(Extracted records)

········

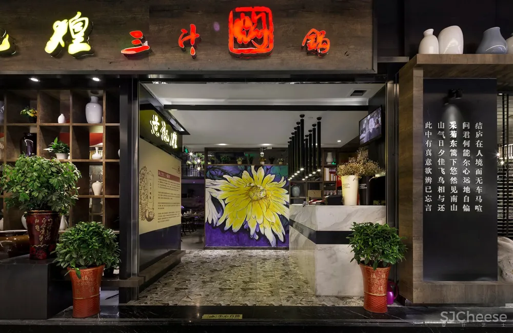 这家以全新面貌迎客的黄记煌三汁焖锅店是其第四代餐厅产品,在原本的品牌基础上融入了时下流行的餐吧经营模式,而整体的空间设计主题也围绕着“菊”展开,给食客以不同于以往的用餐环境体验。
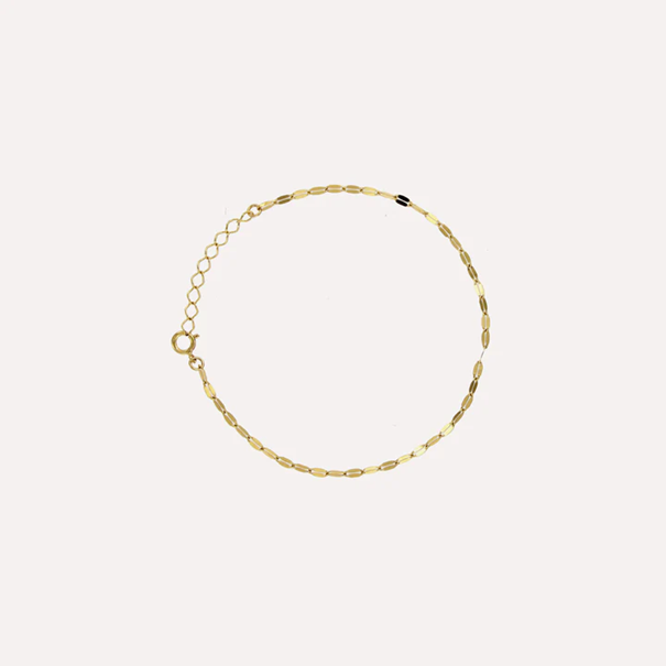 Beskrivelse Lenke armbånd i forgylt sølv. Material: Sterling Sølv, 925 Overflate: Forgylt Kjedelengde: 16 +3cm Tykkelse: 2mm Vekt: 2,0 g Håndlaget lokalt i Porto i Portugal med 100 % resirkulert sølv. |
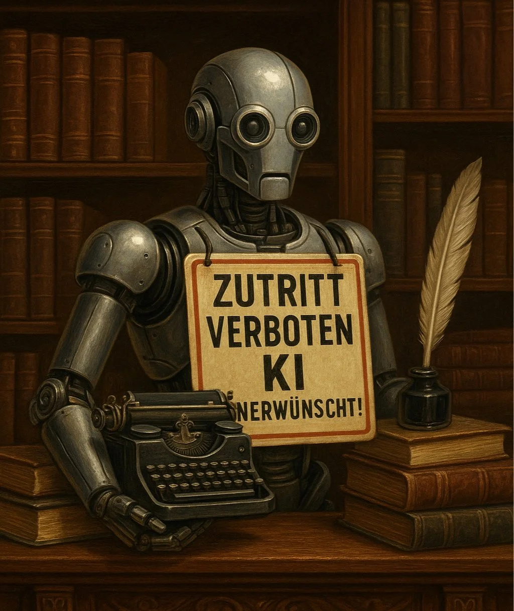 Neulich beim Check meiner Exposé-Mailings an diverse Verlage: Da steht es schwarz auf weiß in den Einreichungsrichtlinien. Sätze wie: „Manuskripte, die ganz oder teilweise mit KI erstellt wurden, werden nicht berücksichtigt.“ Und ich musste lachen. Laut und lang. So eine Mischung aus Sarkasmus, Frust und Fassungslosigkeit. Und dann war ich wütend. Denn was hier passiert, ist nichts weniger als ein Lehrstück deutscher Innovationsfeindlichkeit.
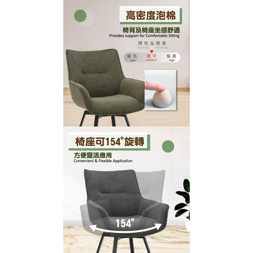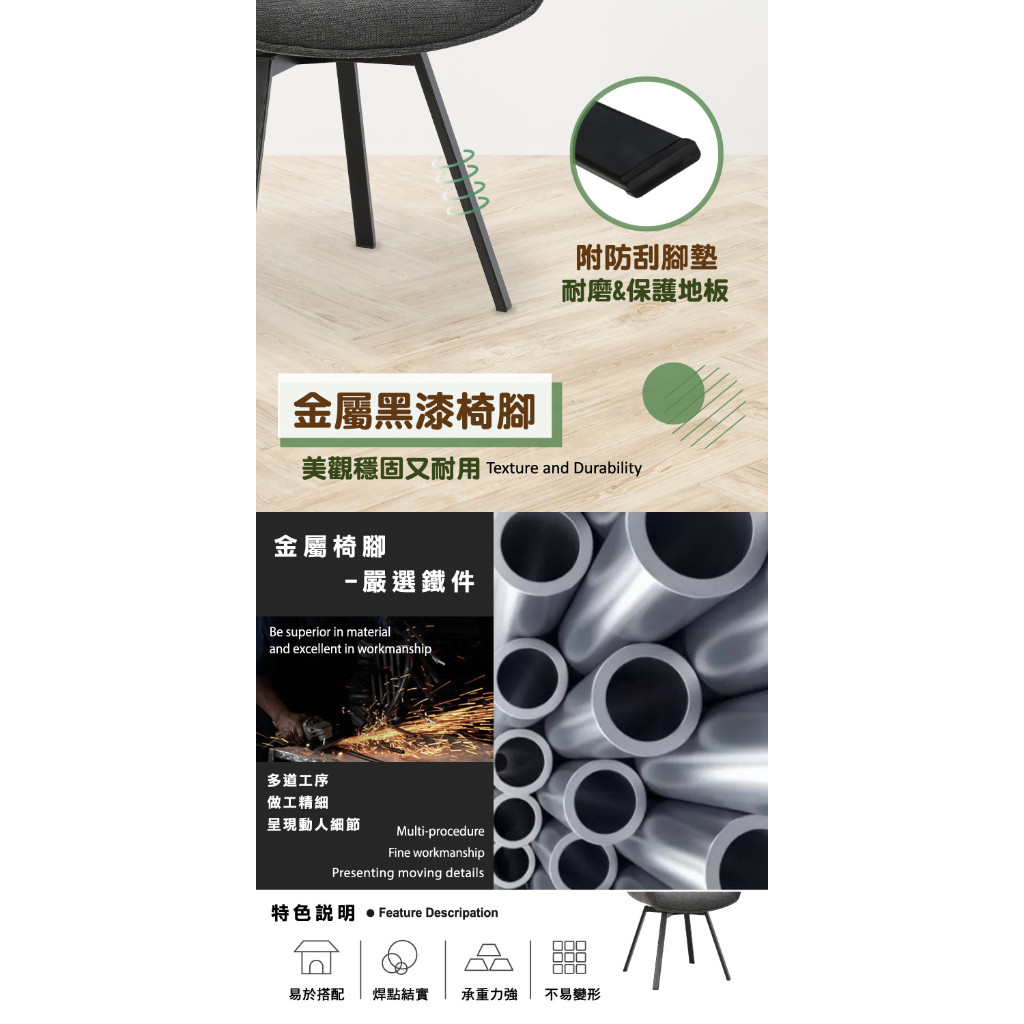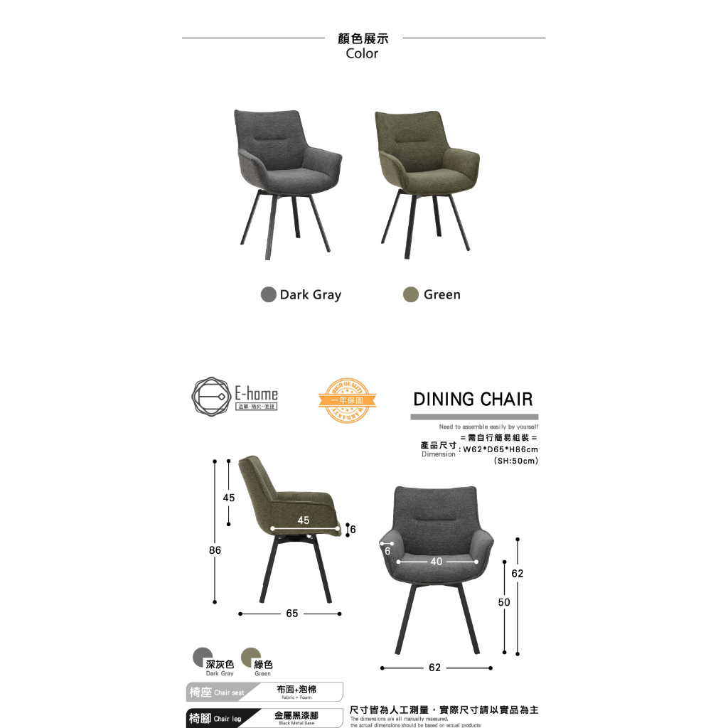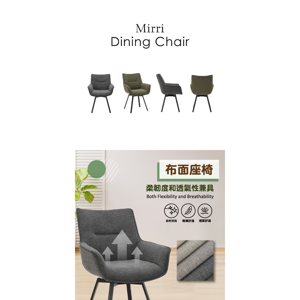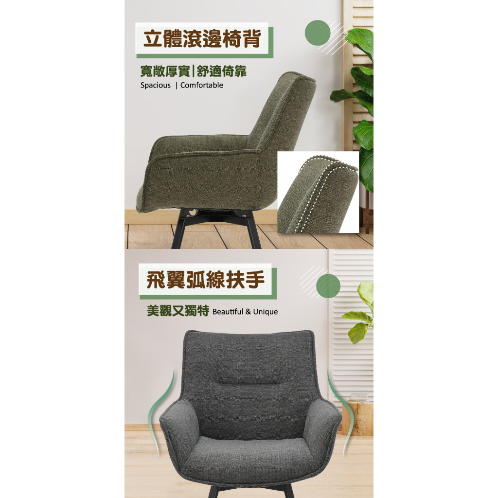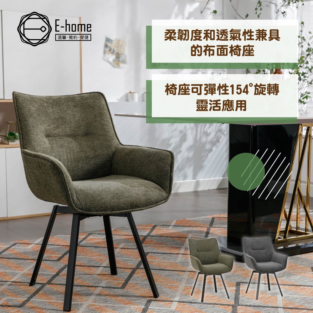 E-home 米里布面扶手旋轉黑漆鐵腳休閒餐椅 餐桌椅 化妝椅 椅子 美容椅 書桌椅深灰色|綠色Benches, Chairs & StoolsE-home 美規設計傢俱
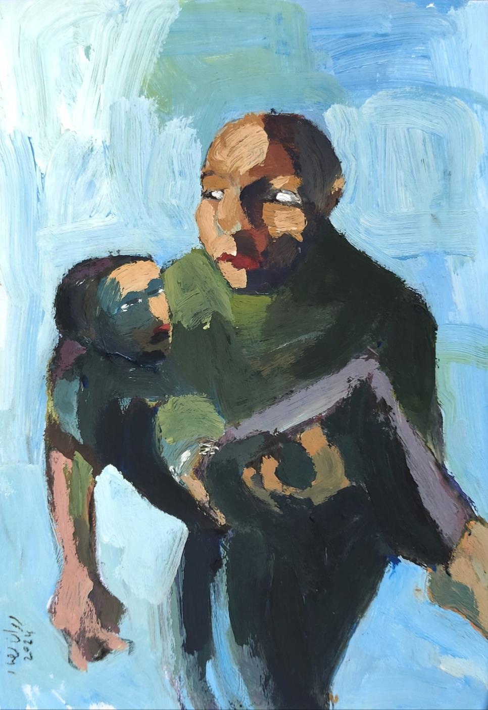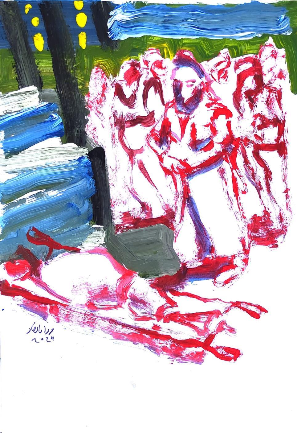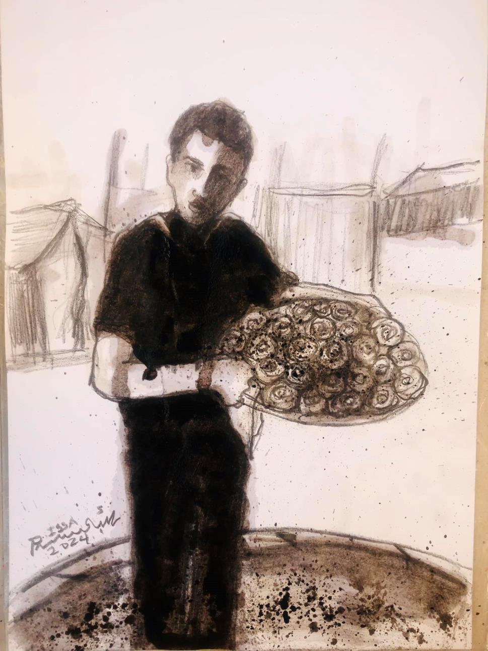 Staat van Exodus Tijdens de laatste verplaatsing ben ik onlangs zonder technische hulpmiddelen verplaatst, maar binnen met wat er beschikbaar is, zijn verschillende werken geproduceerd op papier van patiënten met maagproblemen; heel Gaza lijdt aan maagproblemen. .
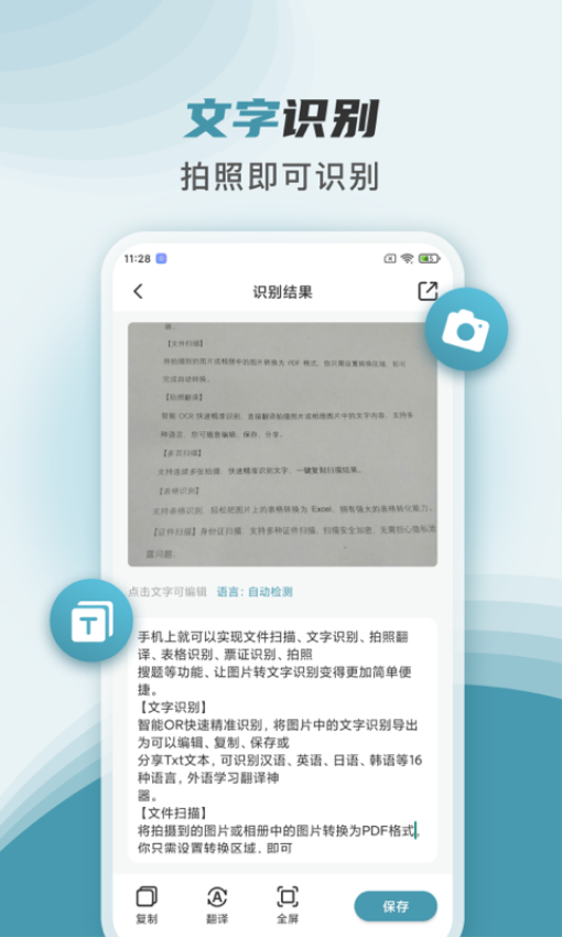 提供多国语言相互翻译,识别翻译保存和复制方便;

········

» EXERCISE PROMPT
Your answer must consist of the entries, unchanged, with no pictures in it.

» RESPONSE TO THE EXERCISE
 这家以全新面貌迎客的黄记煌三汁焖锅店是其第四代餐厅产品,在原本的品牌基础上融入了时下流行的餐吧经营模式,而整体的空间设计主题也围绕着“菊”展开,给食客以不同于以往的用餐环境体验。
 Beskrivelse Lenke armbånd i forgylt sølv. Material: Sterling Sølv, 925 Overflate: Forgylt Kjedelengde: 16 +3cm Tykkelse: 2mm Vekt: 2,0 g Håndlaget lokalt i Porto i Portugal med 100 % resirkulert sølv. |
 Neulich beim Check meiner Exposé-Mailings an diverse Verlage: Da steht es schwarz auf weiß in den Einreichungsrichtlinien. Sätze wie: „Manuskripte, die ganz oder teilweise mit KI erstellt wurden, werden nicht berücksichtigt.“ Und ich musste lachen. Laut und lang. So eine Mischung aus Sarkasmus, Frust und Fassungslosigkeit. Und dann war ich wütend. Denn was hier passiert, ist nichts weniger als ein Lehrstück deutscher Innovationsfeindlichkeit.
 E-home 米里布面扶手旋轉黑漆鐵腳休閒餐椅 餐桌椅 化妝椅 椅子 美容椅 書桌椅深灰色|綠色Benches, Chairs & StoolsE-home 美規設計傢俱
 Staat van Exodus Tijdens de laatste verplaatsing ben ik onlangs zonder technische hulpmiddelen verplaatst, maar binnen met wat er beschikbaar is, zijn verschillende werken geproduceerd op papier van patiënten met maagproblemen; heel Gaza lijdt aan maagproblemen. .
 提供多国语言相互翻译,识别翻译保存和复制方便;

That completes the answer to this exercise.